_The problem_. Exclude the pictures. Transcribe exactly, and only, the lines from the one holding "Exotic jazz era" to the end of the material below.

_Given material_.

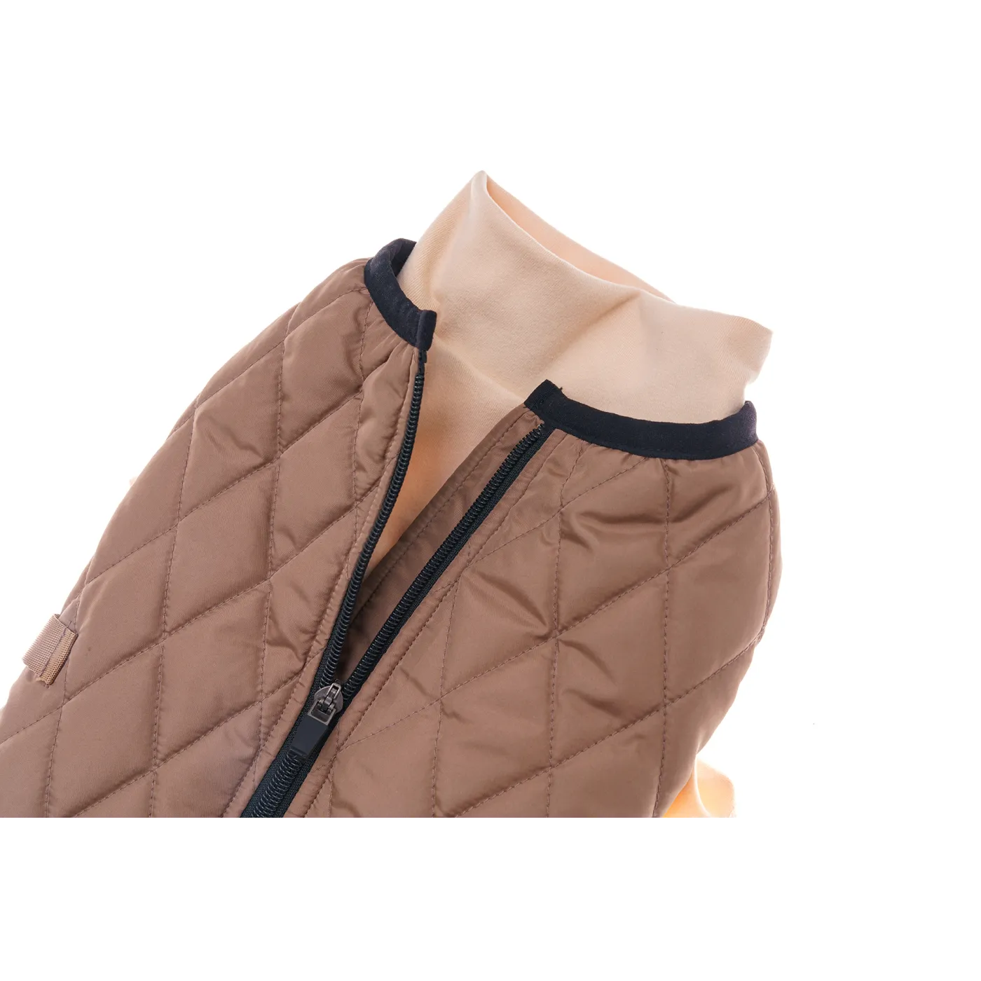 KURTKA DLA PSA ciepła miękka pikowana kamizelka z golfem brązowa L TIFI
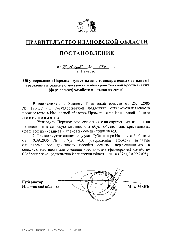 Постановление Правительства Ивановской области от 03.11.2006 N 179-п "Об утверждении Порядка осуществления единовременных выплат на переселение в сельскую местность и обустройство глав крестьянских (фермерских) хозяйств и членов их семей"
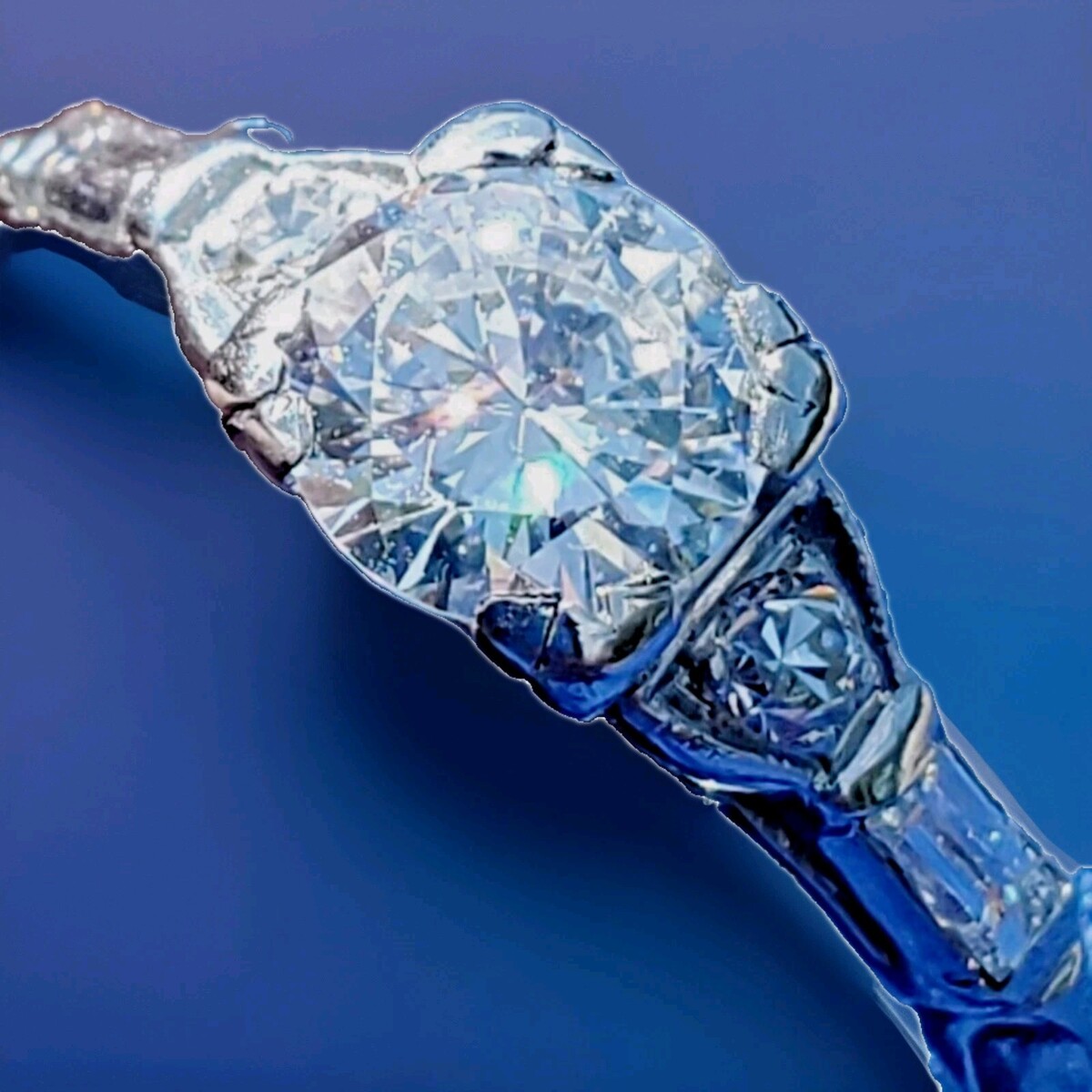 Exotic jazz era antique diamond engagement ring.
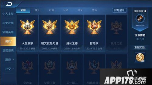 为了让玩家能够更好地对外展示自己的成就,我们将成就系统的入口移入个人资料页面,玩家从已获得的成就中任选最多4个对外展示。访问其他玩家个人资料页面时,即可看到该玩家对外展示的成就。

_Solution for this problem_.
 Exotic jazz era antique diamond engagement ring.
 为了让玩家能够更好地对外展示自己的成就,我们将成就系统的入口移入个人资料页面,玩家从已获得的成就中任选最多4个对外展示。访问其他玩家个人资料页面时,即可看到该玩家对外展示的成就。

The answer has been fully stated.